Not all posts are this philosophical. Some are downright funny. Consider The New Math Teacher (hint: he’s a TeleTubbie whose stomach plays Khan Academy videos), A mathematician is a machine for turning coffee into theorems (not to mention cookies into corollaries) and The Argue-About-Anything Club. He mixes these in with insights from his teaching experiences.

One in particular I love is 39 Ways to Love Math. Orlin went to a recent mathematics conference in Baltimore and put out papers, markers and the following invitation:

In one sheet of paper, capture why you love math.

Then he posted the results, creating a truly charming read as all of these very smart people try to communicate through words, pictures and sometimes equations their passion for mathematics.

So go over there and give his blog a read.
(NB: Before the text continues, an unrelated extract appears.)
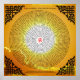 Von Wikipedia: Die Gāyatrī Mantra, auch bekannt als Sāvitri Mantra, ist ein hochverehrtes Mantra aus dem Rig Veda (Mandala 3.62.10), das der vedischen Gottheit Savitr gewidmet ist. Gāyatrī ist der Name der Göttin des vedischen Mantra, in dem das Vers komponiert ist. Ihre Rezitierung erfolgt traditionell durch die Formel bhūvaæ, die mahāvyāritti, die als "großartige (mystische) Äußerung" bekannt ist. Maharshi Vishvamitra hatte das Gayatri Mantra geschaffen. Das Gayatri Mantra wird in vedischen und postvedischen Texten weithin zitiert, wie z.B. in den Mantraauflistungen der Śrauta-Liturgie und in klassischen Hindu-Texten wie Bhagavad Gita, Harivamsa und Manusmritti. Das Mantra und die dazugehörige metrische Form war vom Buddha bekannt, und in einem Stra wird der Buddha als "Ausdruck ihrer Wertschätzung" für das Mantra beschrieben. Das Mantra ist ein wichtiger Teil der upanayana-Zeremonie für junge Männer im Hinduismus und wird seit langem von Dvija-Männern als Teil ihrer täglichen Rituale rezitiert. Moderne Hindureformbewegungen verbreiten die Praxis des Mantras auf Frauen und alle Kasten, und seine Verwendung ist inzwischen sehr weit verbreitet. Es gilt als eines der wichtigsten und mächtigsten vedischen Mantras. Hier wird das Mantra 108 mal wiederholt, über ein Bild der brennenden Sonne. Hier ist Swami Vivekenandas Übersetzung des Mantras: "Wir meditieren über die Herrlichkeit des Seins, das dieses Universum produziert hat; möge sie unseren Geist erleuchten."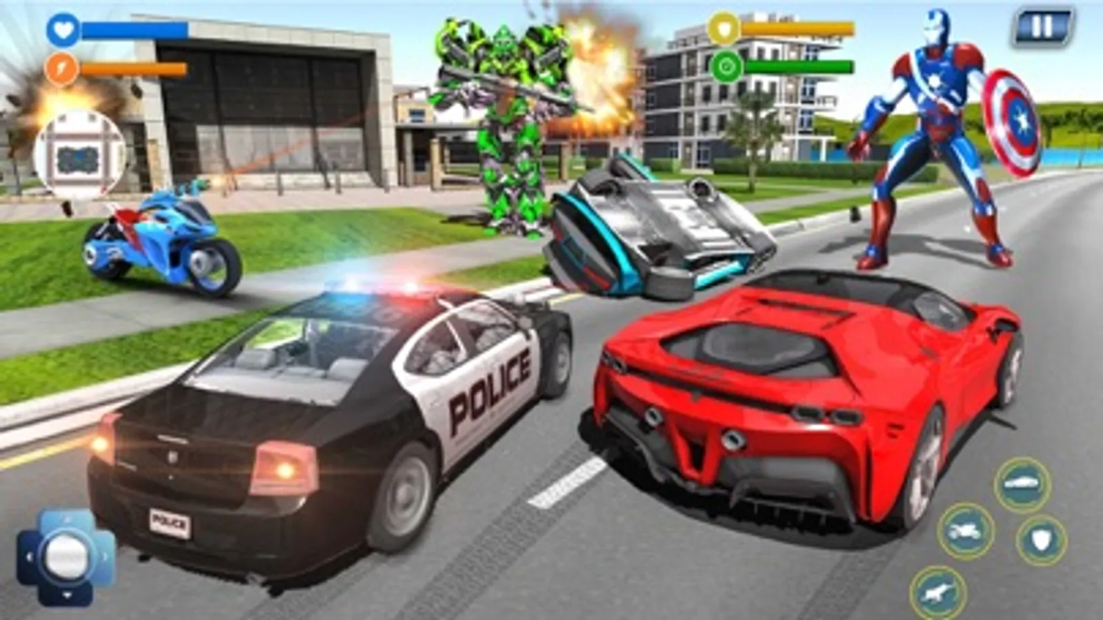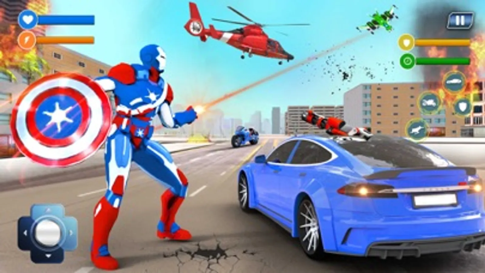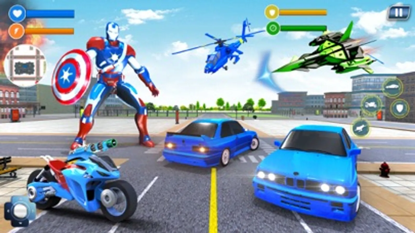 It’s time for ultimate survival in Captain Hero Bike Robot Rescue and rise to heights as flying robot Captain of America who transform into Robot Car and Robot Bike to rescue city in futuristic robot war. Help US Police win grand city battle for city rescue mission. Brand new bike robot transforming games brings Flying Captain USA hero of robot games who will exhibit super robot flying skills in amazing robot transformation games and flying rescue simulator. Gangster of crime city have created chaos and Miami police isn’t enough to fight them. For super city rescue mission flying robot super captain robot transformation into robot car and robot bike with futuristic robot battle will save super city and help US Police in city survival rescue games.

Tell him I sent you. (He has no idea who I am, but I’m trying to start a thing.)



#WeHateMath #TheMelvinProject – Common Core Math Testing

Last week, Stephen Colbert did a bit on the Common Core called “Common Core Confusion”, which was both funny and painful to watch (like most good satire). He took a couple of questions from a Common Core math test and riffed on how weird and confusing they were. He was right, they were awkwardly phrased and asked for odd input from the student. (One of them told the student to write their friend a letter and explain the math problem to them.)

“Great!”, I thought to myself, “I’ve got a topic for the blog, ready-made!”  All I had to do was dig up some of those goofy questions and talk about them and offer perspective and then something something freedom + comedy. So I happened across a site that offered Common Core test prep and thought I had it made.
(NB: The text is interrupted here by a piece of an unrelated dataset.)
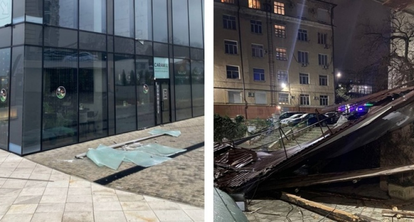 Не выдержала обшивка ЖК «Облака» на Куникова, 55 и ЖК «Аврора 2» на Мысхакском шоссе. Оторванная облицовка разлетелась по окрестностям.

There was only one problem.

I actually read the questions and they were nothing like the ones that were presented on The Colbert Report. In fact, they were perfectly reasonable and written in a clear, understandable way. For example, this one from Grade 6 Mathematics:


The balance on your savings account is -50, which means that you have $50 of debt. A monthly charge increases the amount of your debt. Which of the following could be your new balance?

  1. 60

  2. 40

  3. -40

  4. -60


It turns out that the goofy questions that Colbert cited (and the ones floating around the Internet) are not Common Core questions at all. In fact, the Common Core standards do NOT specify how the subjects are taught. Every school district (or state or whatever appropriate local education body) is free to present the material in any way that they feel works best for their students. In fact, this is stated right on the front page of the standards document:

While the standards set grade-specific goals, they do not define how the standards should be taught or which materials should be used to support students. States and districts recognize that there will need to be a range of supports in place to ensure that all students, including those with special needs and English language learners, can master the standards. It is up to the states to define the full range of supports appropriate for these students.

So the questions that have been going viral all over the Internet are actually the result of really bad curriculum designers.
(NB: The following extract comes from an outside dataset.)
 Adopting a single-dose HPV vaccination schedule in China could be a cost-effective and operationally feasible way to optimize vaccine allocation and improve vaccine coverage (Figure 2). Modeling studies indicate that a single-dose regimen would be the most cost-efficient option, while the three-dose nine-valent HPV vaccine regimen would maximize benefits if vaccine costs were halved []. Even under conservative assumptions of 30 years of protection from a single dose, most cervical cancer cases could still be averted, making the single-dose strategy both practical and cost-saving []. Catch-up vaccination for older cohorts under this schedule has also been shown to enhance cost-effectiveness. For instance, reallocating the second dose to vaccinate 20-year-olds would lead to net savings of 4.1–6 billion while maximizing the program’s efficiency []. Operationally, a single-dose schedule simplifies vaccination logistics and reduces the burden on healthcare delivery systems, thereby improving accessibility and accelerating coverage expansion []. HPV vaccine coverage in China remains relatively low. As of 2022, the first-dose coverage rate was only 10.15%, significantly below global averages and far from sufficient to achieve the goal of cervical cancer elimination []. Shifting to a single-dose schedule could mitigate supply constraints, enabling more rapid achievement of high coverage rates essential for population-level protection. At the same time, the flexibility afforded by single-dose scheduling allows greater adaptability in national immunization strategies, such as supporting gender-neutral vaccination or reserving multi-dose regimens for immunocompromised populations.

Now I’ve worked on curriculum committees. I’ve done course design. It’s a lot of work and you really don’t know if you’ve got it right until you’ve presented it to your students and get their feedback, both through their comments and how well they end up understanding the material.

The point (and I think I have one here somewhere) is that bad teachers are not the fault of Common Core. Bad course designers are not the fault of Common Core. Scam artists who suck up taxpayer dollars and deliver crappy materials and when caught, point fingers at Common Core have been around since before there was Common Core.

Yes, there are legitimate concerns with Common Core (and not a few illegitimate, insane ones). But what this recent brouhaha tells me is that national standards for primary education is just the beginning.

As Thomas Jefferson said:

“I know no safe depository of the ultimate powers of the society, but the people themselves: and if we think them not enlightened enough to exercise their controul (sic) with a wholsome (sic) discretion, the remedy is, not to take it from them, but to inform their discretion by education. this is the true corrective of abuses of constitutional power.”